**Exercise goal**
The expected output is each line from the one containing "Aquavelvet, after-sun, Carroten, ενυδατικό" to the last line of the data below, set down exactly, minus the pictures.

Data shown Start Marker

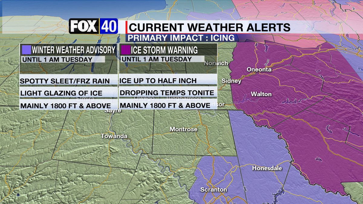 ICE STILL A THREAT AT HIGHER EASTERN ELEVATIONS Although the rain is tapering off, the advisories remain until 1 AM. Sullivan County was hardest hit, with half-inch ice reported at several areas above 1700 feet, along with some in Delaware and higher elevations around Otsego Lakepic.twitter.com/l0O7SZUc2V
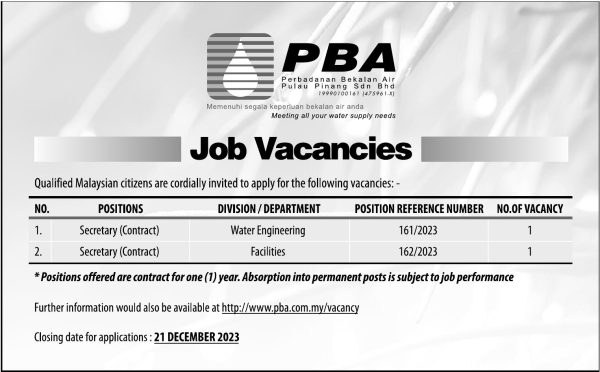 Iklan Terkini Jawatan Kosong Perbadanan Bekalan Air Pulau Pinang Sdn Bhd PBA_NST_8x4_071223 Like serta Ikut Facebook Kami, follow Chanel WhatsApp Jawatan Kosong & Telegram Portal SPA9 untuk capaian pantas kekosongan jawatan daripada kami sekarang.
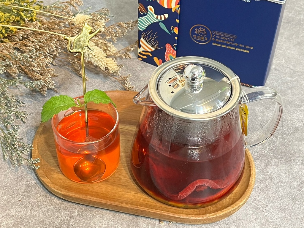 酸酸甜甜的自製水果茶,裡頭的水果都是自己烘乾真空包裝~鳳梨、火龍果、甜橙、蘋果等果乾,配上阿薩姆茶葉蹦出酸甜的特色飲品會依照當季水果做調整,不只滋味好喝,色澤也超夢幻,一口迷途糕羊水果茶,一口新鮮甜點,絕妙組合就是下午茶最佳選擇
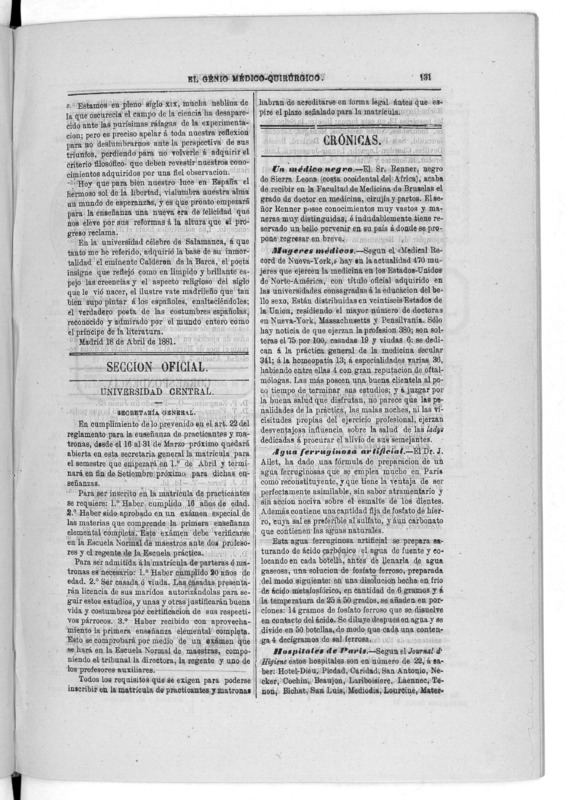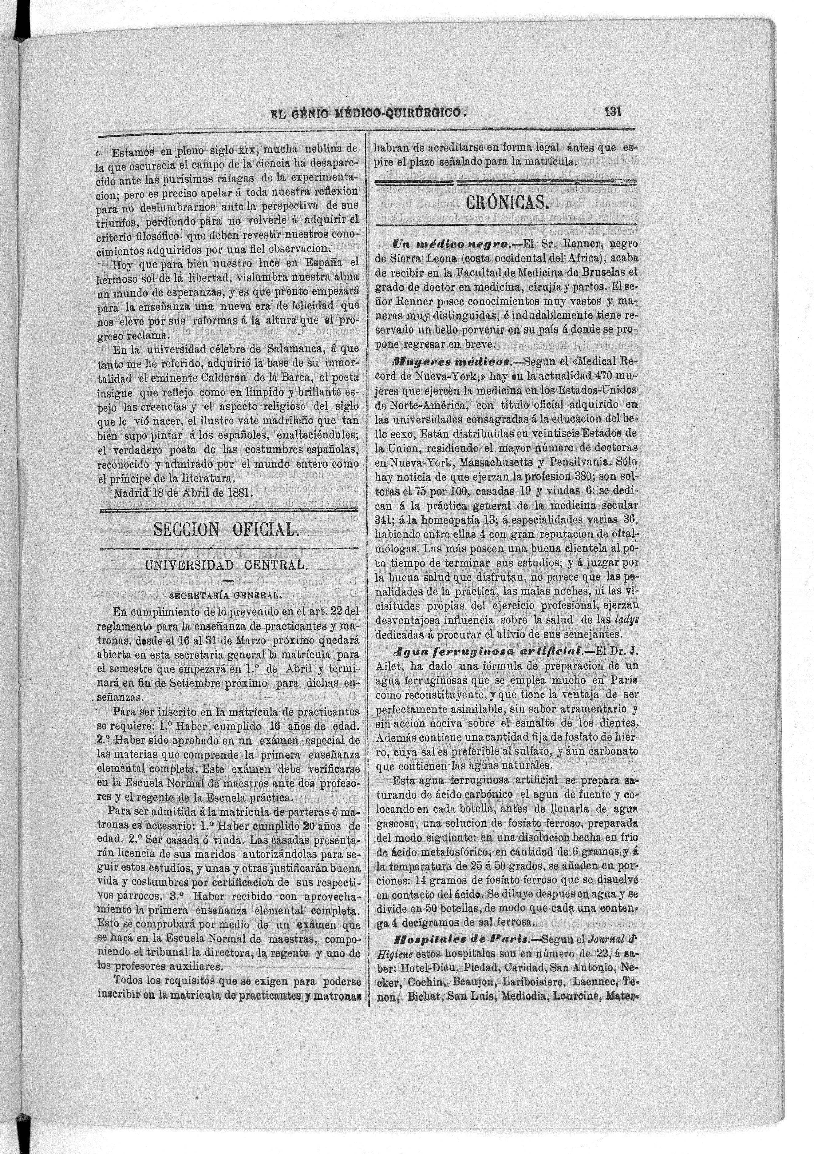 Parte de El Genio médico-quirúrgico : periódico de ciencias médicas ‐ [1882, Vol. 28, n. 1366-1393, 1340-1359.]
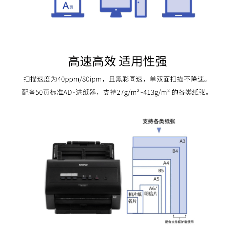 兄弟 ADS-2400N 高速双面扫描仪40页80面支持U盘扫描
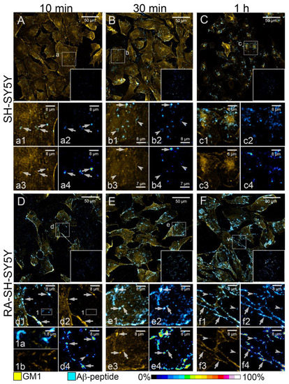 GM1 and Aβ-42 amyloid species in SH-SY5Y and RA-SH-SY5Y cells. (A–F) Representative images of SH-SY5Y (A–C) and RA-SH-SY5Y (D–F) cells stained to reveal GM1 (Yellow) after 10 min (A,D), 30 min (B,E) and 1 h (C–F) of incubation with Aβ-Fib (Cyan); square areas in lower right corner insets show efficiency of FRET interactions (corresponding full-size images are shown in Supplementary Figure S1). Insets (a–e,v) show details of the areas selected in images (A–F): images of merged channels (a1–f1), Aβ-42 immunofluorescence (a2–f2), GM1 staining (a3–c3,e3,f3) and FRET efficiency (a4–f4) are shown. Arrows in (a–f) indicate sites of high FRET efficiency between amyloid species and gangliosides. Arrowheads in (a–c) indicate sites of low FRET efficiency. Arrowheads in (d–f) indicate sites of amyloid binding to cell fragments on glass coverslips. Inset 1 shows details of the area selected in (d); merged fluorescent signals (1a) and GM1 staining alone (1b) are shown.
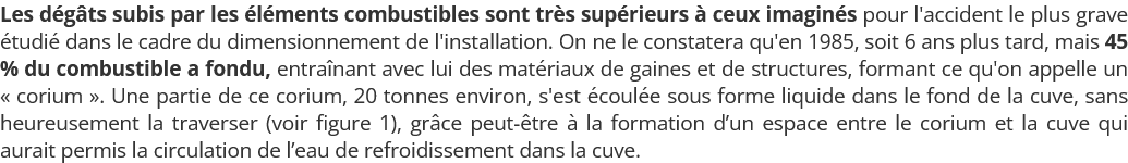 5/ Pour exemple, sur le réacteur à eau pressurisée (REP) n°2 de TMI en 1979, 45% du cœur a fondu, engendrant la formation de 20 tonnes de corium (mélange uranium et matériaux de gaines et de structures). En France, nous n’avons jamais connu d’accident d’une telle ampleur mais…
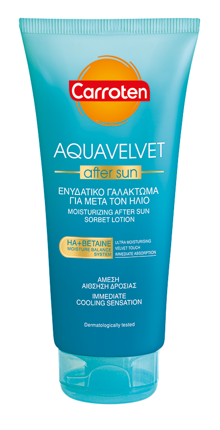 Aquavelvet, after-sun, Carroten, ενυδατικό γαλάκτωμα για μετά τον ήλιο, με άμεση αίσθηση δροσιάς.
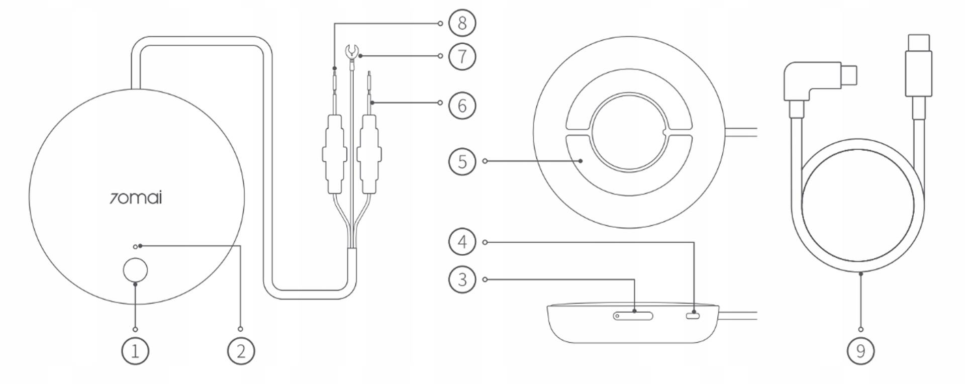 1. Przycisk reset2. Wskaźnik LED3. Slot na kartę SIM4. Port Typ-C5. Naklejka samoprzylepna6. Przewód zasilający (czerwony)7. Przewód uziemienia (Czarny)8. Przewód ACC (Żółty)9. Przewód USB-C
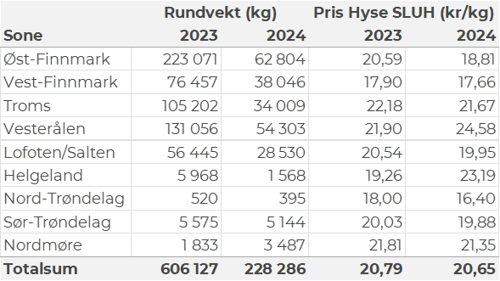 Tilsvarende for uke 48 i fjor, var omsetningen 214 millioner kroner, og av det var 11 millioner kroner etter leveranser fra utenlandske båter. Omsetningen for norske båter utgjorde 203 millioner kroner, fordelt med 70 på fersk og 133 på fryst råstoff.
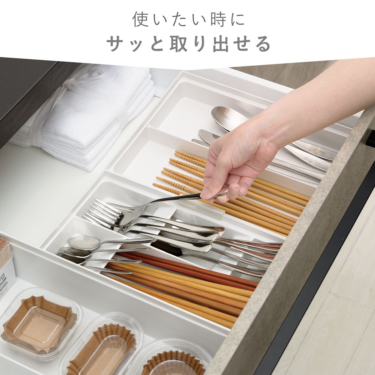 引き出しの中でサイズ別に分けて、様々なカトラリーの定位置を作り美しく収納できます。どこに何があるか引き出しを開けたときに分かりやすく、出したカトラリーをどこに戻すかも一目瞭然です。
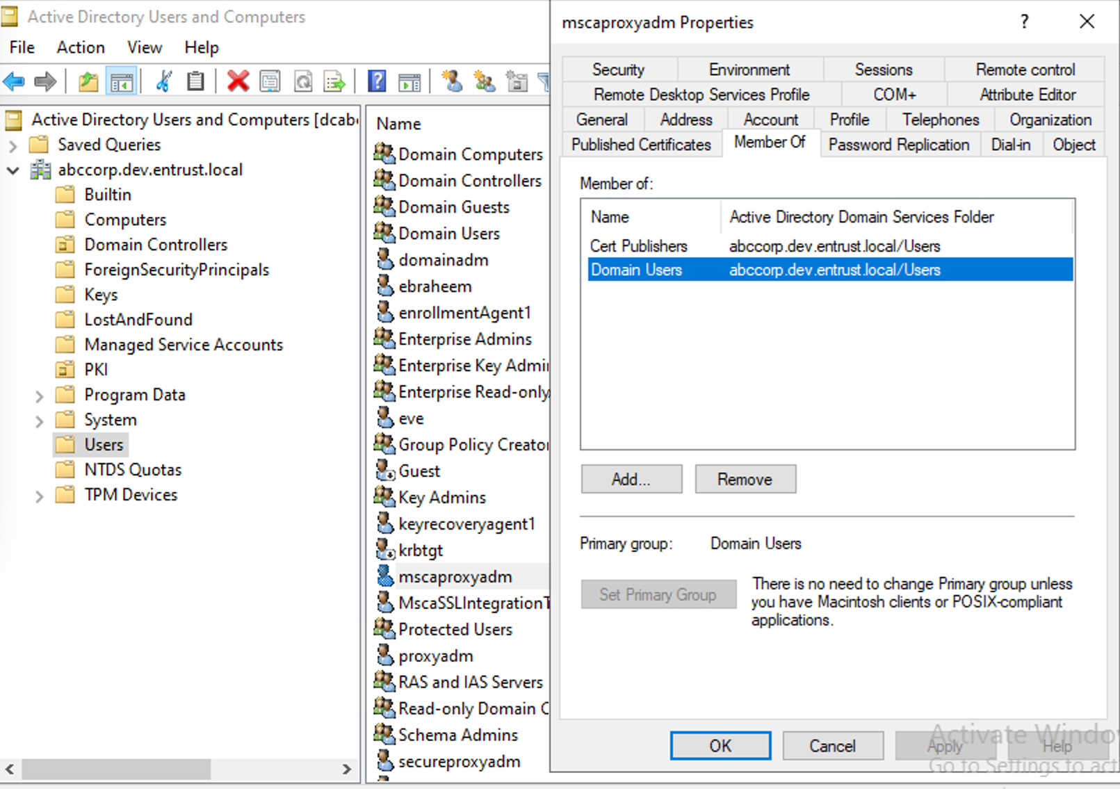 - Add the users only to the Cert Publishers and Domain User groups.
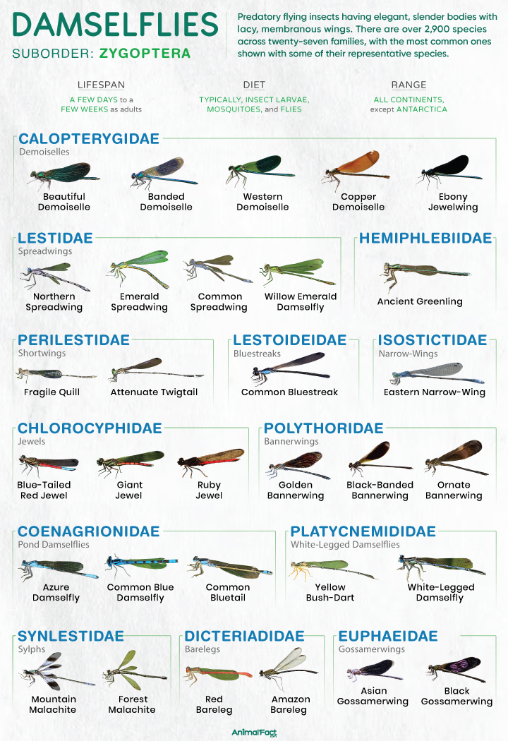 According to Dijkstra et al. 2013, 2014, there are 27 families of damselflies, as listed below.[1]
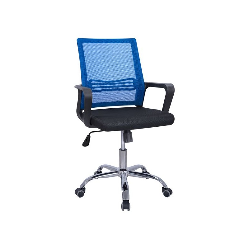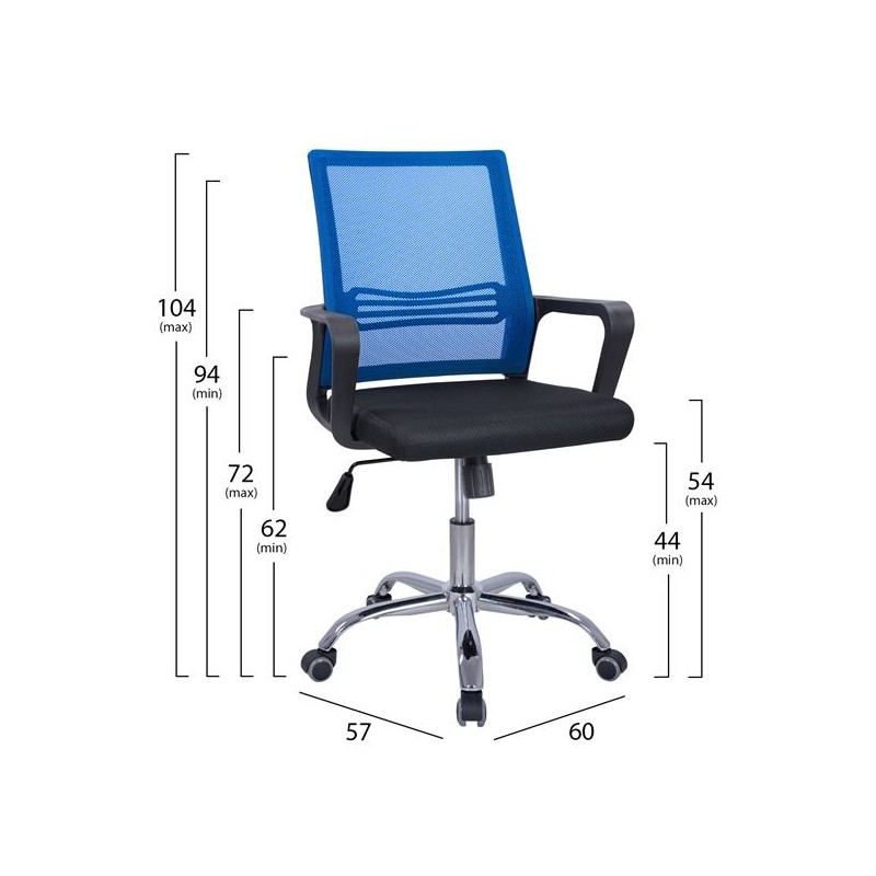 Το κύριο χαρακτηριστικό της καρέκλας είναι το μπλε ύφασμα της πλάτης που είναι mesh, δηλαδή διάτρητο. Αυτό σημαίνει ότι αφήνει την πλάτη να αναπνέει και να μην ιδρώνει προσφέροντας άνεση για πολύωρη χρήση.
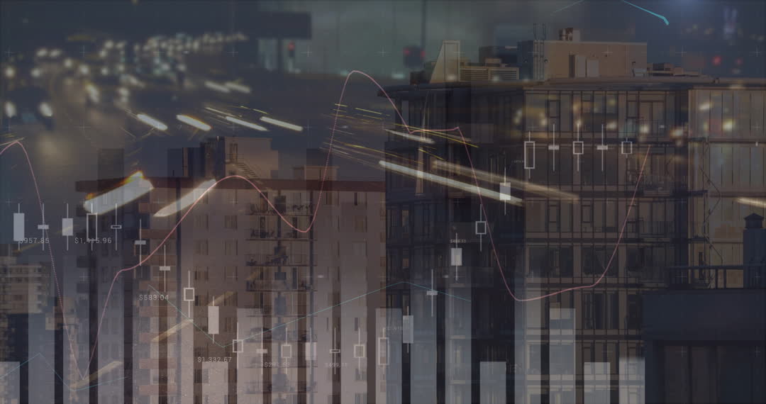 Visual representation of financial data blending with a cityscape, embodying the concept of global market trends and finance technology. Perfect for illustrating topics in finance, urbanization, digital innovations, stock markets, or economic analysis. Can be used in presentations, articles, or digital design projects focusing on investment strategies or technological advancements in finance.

Data shown End Marker

**Final answer**
 Aquavelvet, after-sun, Carroten, ενυδατικό γαλάκτωμα για μετά τον ήλιο, με άμεση αίσθηση δροσιάς.
 1. Przycisk reset2. Wskaźnik LED3. Slot na kartę SIM4. Port Typ-C5. Naklejka samoprzylepna6. Przewód zasilający (czerwony)7. Przewód uziemienia (Czarny)8. Przewód ACC (Żółty)9. Przewód USB-C
 Tilsvarende for uke 48 i fjor, var omsetningen 214 millioner kroner, og av det var 11 millioner kroner etter leveranser fra utenlandske båter. Omsetningen for norske båter utgjorde 203 millioner kroner, fordelt med 70 på fersk og 133 på fryst råstoff.
 引き出しの中でサイズ別に分けて、様々なカトラリーの定位置を作り美しく収納できます。どこに何があるか引き出しを開けたときに分かりやすく、出したカトラリーをどこに戻すかも一目瞭然です。
 - Add the users only to the Cert Publishers and Domain User groups.
 According to Dijkstra et al. 2013, 2014, there are 27 families of damselflies, as listed below.[1]
 Το κύριο χαρακτηριστικό της καρέκλας είναι το μπλε ύφασμα της πλάτης που είναι mesh, δηλαδή διάτρητο. Αυτό σημαίνει ότι αφήνει την πλάτη να αναπνέει και να μην ιδρώνει προσφέροντας άνεση για πολύωρη χρήση.
 Visual representation of financial data blending with a cityscape, embodying the concept of global market trends and finance technology. Perfect for illustrating topics in finance, urbanization, digital innovations, stock markets, or economic analysis. Can be used in presentations, articles, or digital design projects focusing on investment strategies or technological advancements in finance.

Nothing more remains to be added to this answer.